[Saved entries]
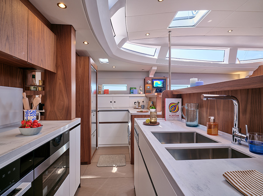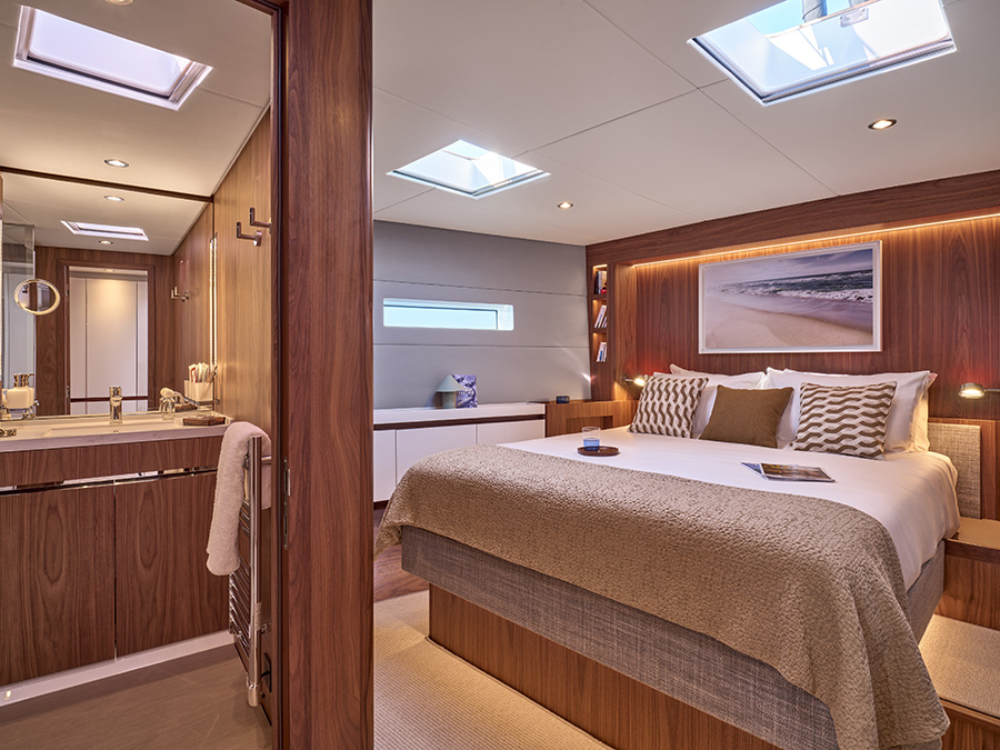 Ein zentrales Merkmal ist das geschützte Cockpit mit dem charakteristischen „Targa“-Bügel aus Carbon, der das Großsegel führt und maximale Sicherheit gewährleistet. Die beiden Steuerstände sind weit vorne platziert und lassen sich je nach Bedarf mit einem Bimini oder einem festen Hardtop vollständig abdecken – ideal für Hochseereisen, auch in raueren Regionen. Die gesamte Bedienung kann vom Steuer aus erfolgen, was selbst Einhandsegeln ermöglicht. Auch das Interieur wurde komplett neu gedacht. Jean-Marc Piaton und sein Team entwickelten ein offenes, lichtdurchflutetes Layout mit drei Varianten, hochwertiger Ausstattung und wohnlichem Flair. Besonders hervorzuheben: die großzügige Eignerkabine im Bug mit Inselbett, Panoramafenstern und Bad en suite. Zwei Gästekabinen achtern sorgen für komfortable Unterbringung, optional ergänzt durch eine Crewkabine mit separatem Zugang.
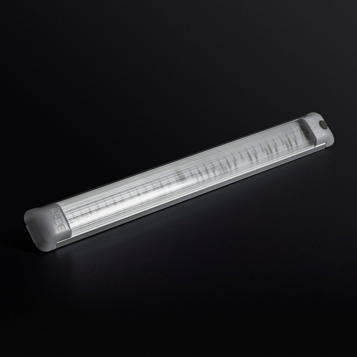 Cette lampe est de conception robuste avec un rail en aluminium et une protection en polycarbonate. L’éclairage est fixé de manière très simple au plafonnier du véhicule ou sur un établi au moyen de vis ou d’adhésif.
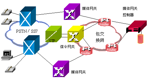 分布式VoIP網關是目前比較普遍的一種應用,所以我們詳細講解它的結構。分布式VoIP網關包括三部分:信令網關、媒體網關和媒體網關控制器。
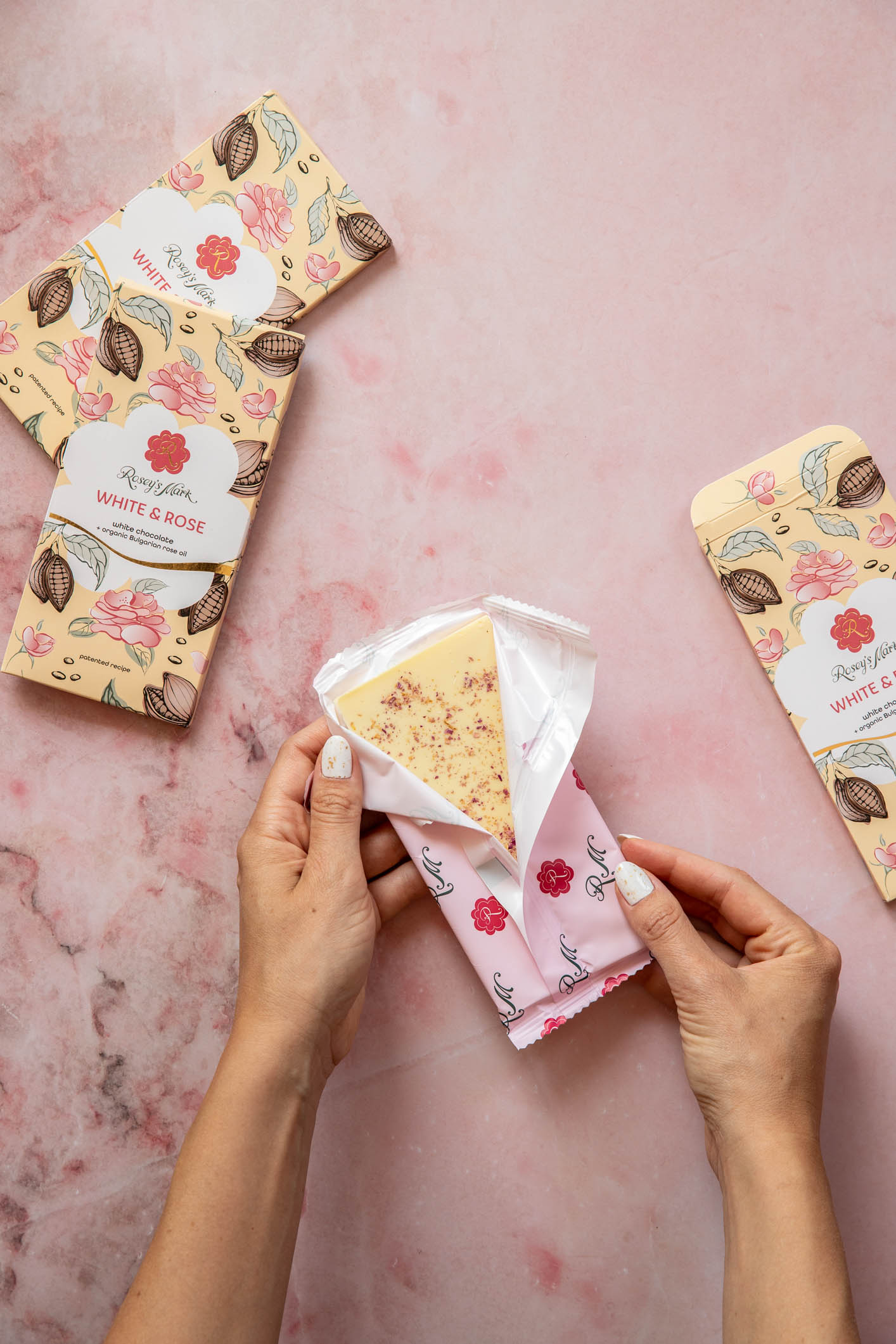 The taste is delicate, balanced, joyful. The thin shape ensures the magic crack sound and feel, further melting in your month. The look is captivating in every detail from the beautiful packaging to the tiny rose petals of the chocolate and blossom share on the molds. The scientifically proven anti-stress effect of rose oil turns the chocolates into anti-stress power product.
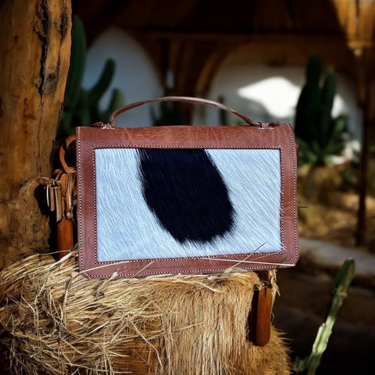 CARTERA DE MANO COW PRINT DE CUERO CON PELO NATURAL

* _Required work_:
Please print every record exactly, leaving out the pictures.

* _Written solution_:
 Ein zentrales Merkmal ist das geschützte Cockpit mit dem charakteristischen „Targa“-Bügel aus Carbon, der das Großsegel führt und maximale Sicherheit gewährleistet. Die beiden Steuerstände sind weit vorne platziert und lassen sich je nach Bedarf mit einem Bimini oder einem festen Hardtop vollständig abdecken – ideal für Hochseereisen, auch in raueren Regionen. Die gesamte Bedienung kann vom Steuer aus erfolgen, was selbst Einhandsegeln ermöglicht. Auch das Interieur wurde komplett neu gedacht. Jean-Marc Piaton und sein Team entwickelten ein offenes, lichtdurchflutetes Layout mit drei Varianten, hochwertiger Ausstattung und wohnlichem Flair. Besonders hervorzuheben: die großzügige Eignerkabine im Bug mit Inselbett, Panoramafenstern und Bad en suite. Zwei Gästekabinen achtern sorgen für komfortable Unterbringung, optional ergänzt durch eine Crewkabine mit separatem Zugang.
 Cette lampe est de conception robuste avec un rail en aluminium et une protection en polycarbonate. L’éclairage est fixé de manière très simple au plafonnier du véhicule ou sur un établi au moyen de vis ou d’adhésif.
 分布式VoIP網關是目前比較普遍的一種應用,所以我們詳細講解它的結構。分布式VoIP網關包括三部分:信令網關、媒體網關和媒體網關控制器。
 The taste is delicate, balanced, joyful. The thin shape ensures the magic crack sound and feel, further melting in your month. The look is captivating in every detail from the beautiful packaging to the tiny rose petals of the chocolate and blossom share on the molds. The scientifically proven anti-stress effect of rose oil turns the chocolates into anti-stress power product.
 CARTERA DE MANO COW PRINT DE CUERO CON PELO NATURAL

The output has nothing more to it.